The suggestion may be nothing but a
coincidence: the two men see the same
world, and its end is like its beginning;
down is up and up is down, the new is
old and the old is new, and strife is justice.
At least we know nothing of justice if
we know nothing of strife. It is tension that
maintains our equilibrium; if opposites
could not feel each other in the dark there
would be no possibility of light. Good
fences make good neighbors--each knows
where he is and what confines him.
Without a wall between them, each would
confuse himself with the other and cease
to exist; or if there were fighting, it would
be too close--a mere scramble, in which
neither party could be made out.
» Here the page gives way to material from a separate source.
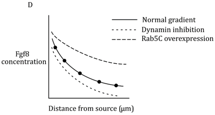 Rab5C overexpression enhances endocytosis, increasing removal of Fgf8 from the extracellular space, leading to a steeper and lower concentration gradient.

Distance
is a good thing, and so is admitted
difference, even when it sounds like hostility.
For there can be a harmony of separate
sounds that seem to be at war with another,
but one sound is like no sound at all,
or else it is like death. Let each thing know
its limits even as it strains to pass
them. No limit will ever be passed, since indeed
it is a limit. Which does not mean that
we shall never stare across the void between
ourselves and others. People, for
instance, who look at the sea--
They cannot look out far,
They cannot look in deep.
But when was that ever a
bar
To any watch they keep?
It is human to want to know more than we
can. But it is most human to know what
"cannot" means.
Frost never says these things either;
his poems only suggest them, and suggest
further things that contradict them. His
muse, like the truth, is cantankerous; it
keeps on turning up fresh evidence
against itself. And yet we cannot miss the
always electric presence of
opposition--two things or persons staring at each other
across some kind of wall. Frost has no
interest in doors that do not lock, in friends
who do not know they are enemies too, or
in enemies who do not know how to
pretend they are friends, and even
believe it as far as things can go. His drumlin
woodchuck sits forth from his habitation
like one who invites the world to come
and visit him; but he never forgets the
two-door burrow at his back. So Frost
himself can reflect upon the triple
bronze that guards him from infinity: his skin,
his house, and his country. If he is
greatly interested in the stars, and no poet is
more so, the reason is that they are
another world which he can see from this one,
and accept or challenge as the mood of
the moment dictates. They burn in their
places as he burns in his, and it is
just as well that neither fire can consume the
other; yet each of them is a fire, and
secretly longs to mingle with its far neighbor.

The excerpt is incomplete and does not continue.